■ TASK DATA ■

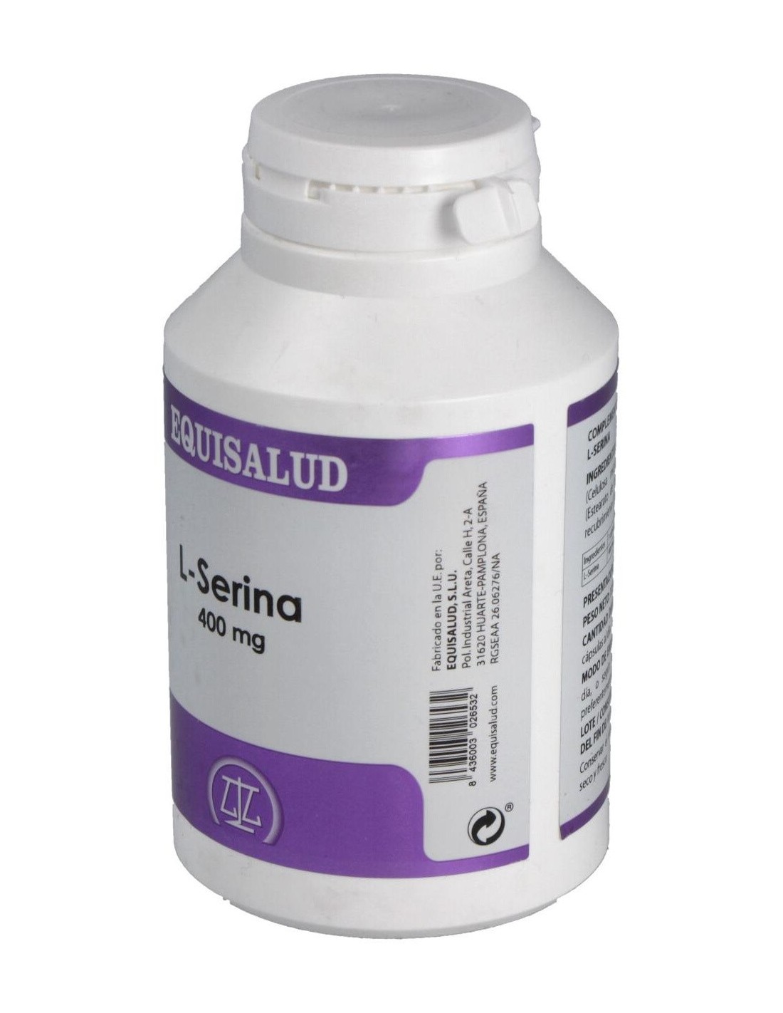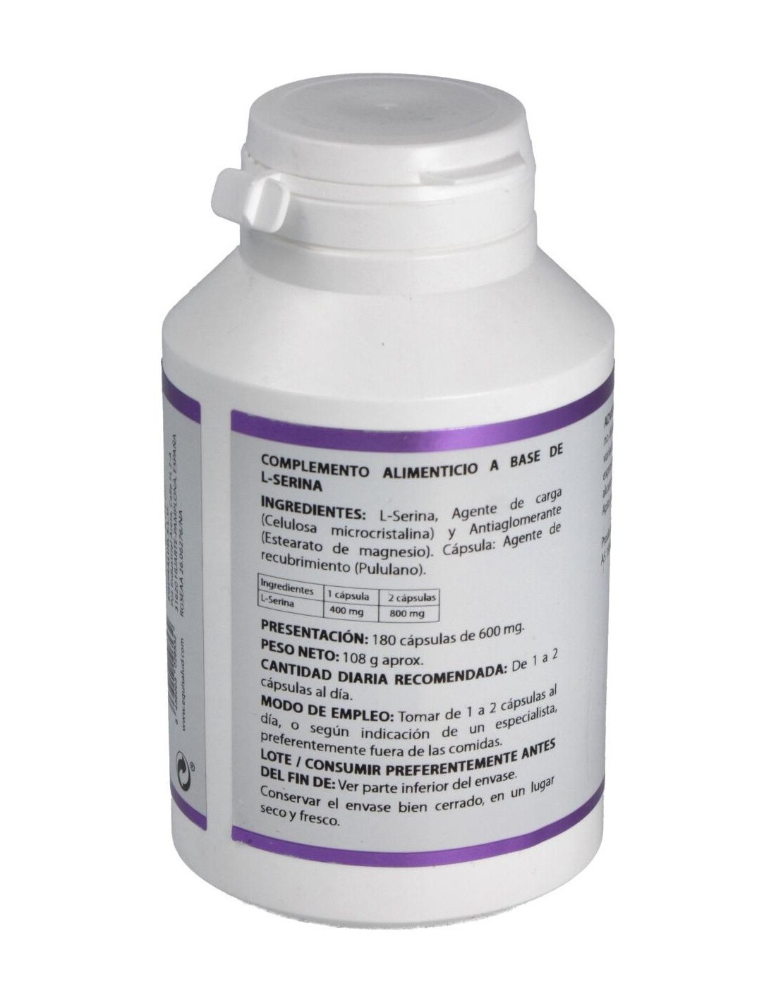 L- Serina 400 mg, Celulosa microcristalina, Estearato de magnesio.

--

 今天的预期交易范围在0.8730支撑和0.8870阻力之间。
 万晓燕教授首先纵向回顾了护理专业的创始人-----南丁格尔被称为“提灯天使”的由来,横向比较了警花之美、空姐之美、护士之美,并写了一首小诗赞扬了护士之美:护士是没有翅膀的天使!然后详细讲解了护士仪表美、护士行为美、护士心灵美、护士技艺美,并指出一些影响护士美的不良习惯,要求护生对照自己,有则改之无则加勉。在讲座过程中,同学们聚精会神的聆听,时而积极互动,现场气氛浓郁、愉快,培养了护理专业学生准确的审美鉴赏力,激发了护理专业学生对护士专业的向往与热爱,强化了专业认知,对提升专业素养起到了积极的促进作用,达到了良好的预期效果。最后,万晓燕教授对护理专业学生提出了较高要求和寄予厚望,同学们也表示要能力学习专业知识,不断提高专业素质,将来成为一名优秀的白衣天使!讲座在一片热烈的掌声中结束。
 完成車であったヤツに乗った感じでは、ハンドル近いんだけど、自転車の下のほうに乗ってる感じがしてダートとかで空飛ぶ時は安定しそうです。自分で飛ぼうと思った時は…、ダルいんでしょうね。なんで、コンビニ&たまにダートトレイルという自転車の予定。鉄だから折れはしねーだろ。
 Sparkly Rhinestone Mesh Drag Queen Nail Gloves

* * *

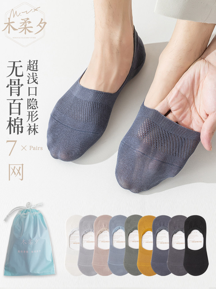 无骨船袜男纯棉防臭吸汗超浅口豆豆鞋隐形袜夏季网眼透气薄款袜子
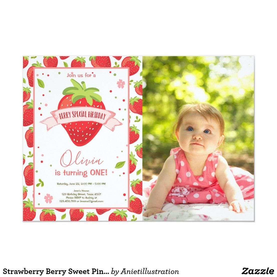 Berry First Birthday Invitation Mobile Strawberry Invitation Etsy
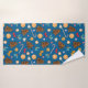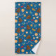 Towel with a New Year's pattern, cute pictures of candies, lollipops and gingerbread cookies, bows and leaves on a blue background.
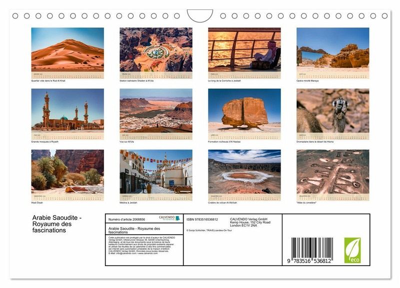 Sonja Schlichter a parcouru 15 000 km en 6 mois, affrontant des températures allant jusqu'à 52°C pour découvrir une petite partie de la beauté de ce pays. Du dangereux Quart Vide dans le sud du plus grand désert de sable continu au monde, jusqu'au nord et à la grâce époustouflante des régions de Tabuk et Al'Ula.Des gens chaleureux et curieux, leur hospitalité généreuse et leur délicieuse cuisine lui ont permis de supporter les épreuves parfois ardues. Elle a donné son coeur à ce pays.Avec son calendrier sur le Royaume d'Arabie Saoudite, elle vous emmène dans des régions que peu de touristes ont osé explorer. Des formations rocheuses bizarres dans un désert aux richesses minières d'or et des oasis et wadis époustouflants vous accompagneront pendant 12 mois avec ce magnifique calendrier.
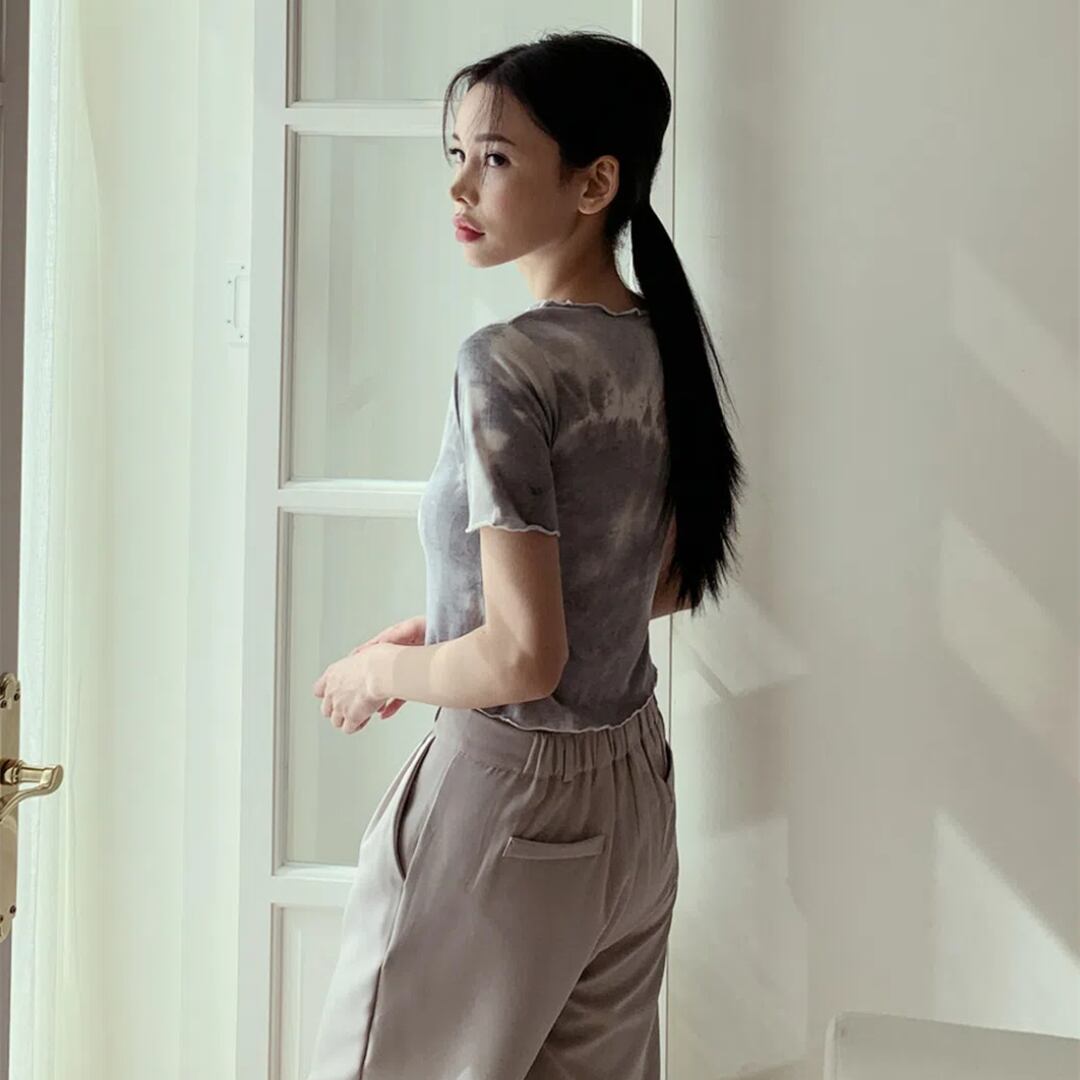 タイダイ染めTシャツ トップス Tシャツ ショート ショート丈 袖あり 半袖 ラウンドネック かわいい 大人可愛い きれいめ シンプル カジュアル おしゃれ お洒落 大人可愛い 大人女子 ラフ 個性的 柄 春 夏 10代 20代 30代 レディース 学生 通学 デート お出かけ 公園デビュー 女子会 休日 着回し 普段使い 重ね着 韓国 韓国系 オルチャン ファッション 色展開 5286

■ WHAT YOU NEED TO DO ■
Exact copy, no pictures. Write out the lines in the entries above, starting with the line with "无骨船袜男纯棉防臭吸汗超浅口豆豆鞋隐形袜夏季网眼透气薄款袜子" and going on through the line with "タイダイ染めTシャツ トップス Tシャツ", keeping both.

■ TASK RESULT ■
 无骨船袜男纯棉防臭吸汗超浅口豆豆鞋隐形袜夏季网眼透气薄款袜子
 Berry First Birthday Invitation Mobile Strawberry Invitation Etsy
 Towel with a New Year's pattern, cute pictures of candies, lollipops and gingerbread cookies, bows and leaves on a blue background.
 Sonja Schlichter a parcouru 15 000 km en 6 mois, affrontant des températures allant jusqu'à 52°C pour découvrir une petite partie de la beauté de ce pays. Du dangereux Quart Vide dans le sud du plus grand désert de sable continu au monde, jusqu'au nord et à la grâce époustouflante des régions de Tabuk et Al'Ula.Des gens chaleureux et curieux, leur hospitalité généreuse et leur délicieuse cuisine lui ont permis de supporter les épreuves parfois ardues. Elle a donné son coeur à ce pays.Avec son calendrier sur le Royaume d'Arabie Saoudite, elle vous emmène dans des régions que peu de touristes ont osé explorer. Des formations rocheuses bizarres dans un désert aux richesses minières d'or et des oasis et wadis époustouflants vous accompagneront pendant 12 mois avec ce magnifique calendrier.
 タイダイ染めTシャツ トップス Tシャツ ショート ショート丈 袖あり 半袖 ラウンドネック かわいい 大人可愛い きれいめ シンプル カジュアル おしゃれ お洒落 大人可愛い 大人女子 ラフ 個性的 柄 春 夏 10代 20代 30代 レディース 学生 通学 デート お出かけ 公園デビュー 女子会 休日 着回し 普段使い 重ね着 韓国 韓国系 オルチャン ファッション 色展開 5286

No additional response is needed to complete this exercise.